The Caribbean had a tough time of it in 2017, pummelled first by Hurricane Irma and then Maria, two category 5 storms that brought unprecedented devastation to islands such as Barbuda, Saint Martin and Dominica. Our cruise on board Windstar's 310-guest sail-assisted yacht, Wind Surf, had originally been scheduled as a Philipsburg round-trip, but was repositioned to Barbados following the terrible damage to Saint Martin's infrastructure. We were still keen to visit - most of the islands were either unaffected or have made a swift recovery, and the region heavily depends on tourism, so one of the best ways to lend your support is by visiting those islands that are able to welcome visitors.
Wind Surf is a beautiful ship, with a yachty style that is perfectly suited to this part of the world. We spent most of our time outdoors, from breakfast on the shaded terrace of the Veranda restaurant, to evenings spent enjoying a cocktail and music from the ship's acoustic duo at the Compass Rose bar.
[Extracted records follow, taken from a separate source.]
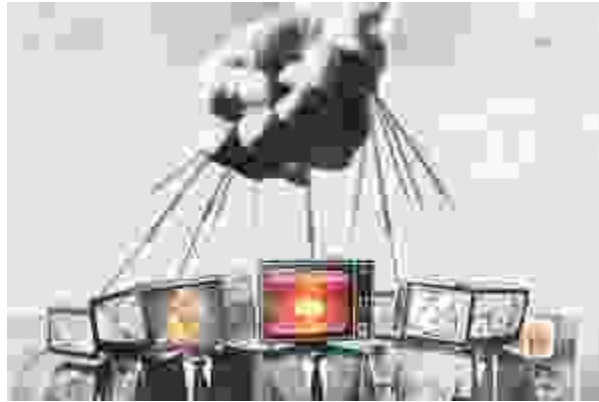
Figure: 1. We keep in touch with the people

The only power you can submit to, is the power of Reason
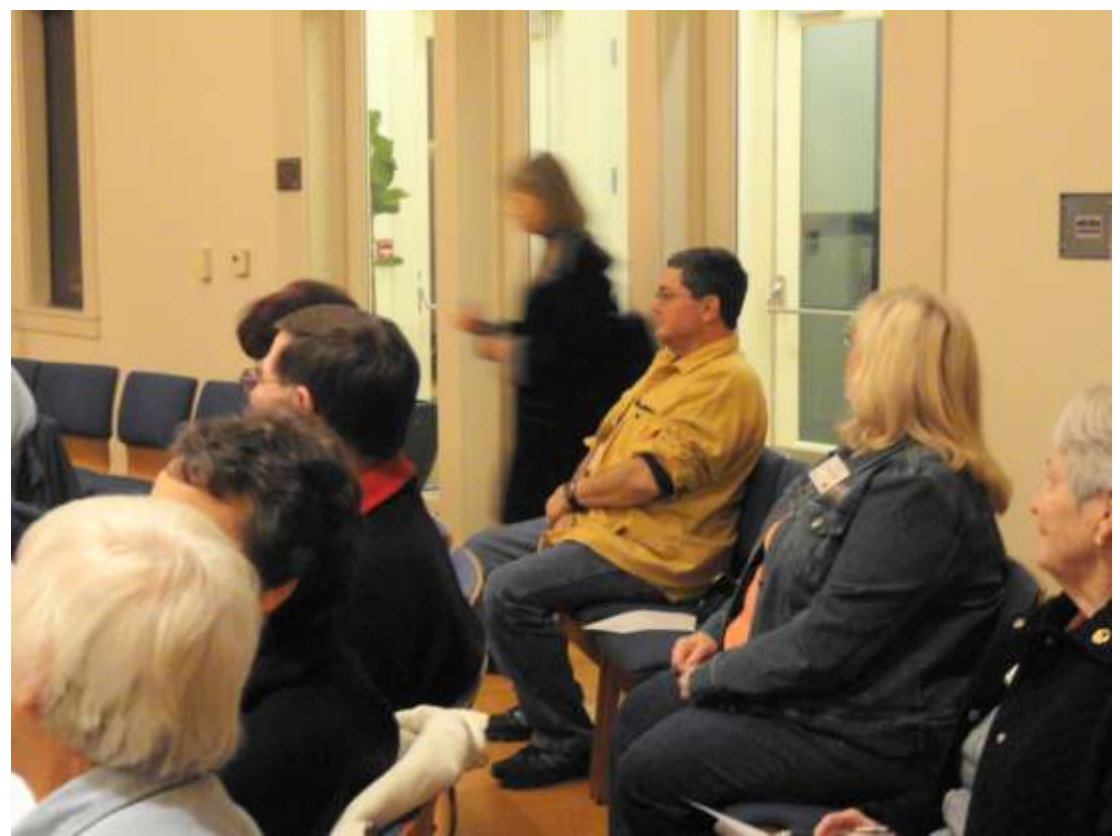
2014 Officers Introduction
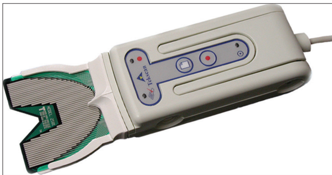
Figure 1: T-scan III system.

The T-scan III system recorded the changes in occlusal contact at a time interval of 0.01 s producing dynamic

There is also a small pool at the rear of the ship, perfect for cooling off after a day exploring ashore, flanked by two hot tubs. Most days we were at anchor and the watersports platform was open, allowing guests to swim off the back of the ship or try activities including kayaking and paddle boarding.
I was pleasantly surprised by our accommodation, an exceptionally comfortable stateroom with a nautical feel that made very efficient use of the space. Unlike some ships I've sailed on, I never felt like I was having to squeeze past awkwardly positioned furniture or step over suitcases. We were also impressed by our cabin steward's increasingly elaborate towel animals as the week progressed, peaking with a fluffy white monkey swinging from a coat hanger!
Service was excellent throughout, with one of the friendliest crews I've encountered, and the dining was of a much higher standard than you might expect at this price point. The menu at the AmphorA restaurant changes daily, and it has a more intimate feel than the main dining room on other ships. Our favourite restaurant was the Stella bistro, which focuses on French cuisine. Dining at the two speciality restaurants comes at no extra cost (though you do need to make a reservation), and the food was amazing - I particularly recommend the lobster bisque. We also liked the fact that the dress code on Windstar is relaxed, with no formal nights and no jacket and tie required, a particularly welcome feature in the sweltering Caribbean.
Our itinerary took us to smaller ports that the big ships don't visit, including the fascinating island of Montserrat, two thirds of which remain off-limits due to the volcanic eruption that buried the capital, Plymouth, in 1997. My personal highlight was Terre-de-Haut, part of the Iles des Saintes archipelago off Guadeloupe. This tiny island is how I imagine the Caribbean must have been 30 years ago, and we walked from one side to the other along sleepy streets where chickens and goats roamed free, and viridescent wild iguanas scuttled across the road.
On our final day we were anchored off Pigeon Island in Saint Lucia, where the crew set up a barbecue on the beach complete with sun loungers, watersports equipment and a steel pan band. Windstar include one of these 'Island Experiences' on many of their warm water itineraries, and it was the perfect way to round off our amazing week island hopping around the Caribbean.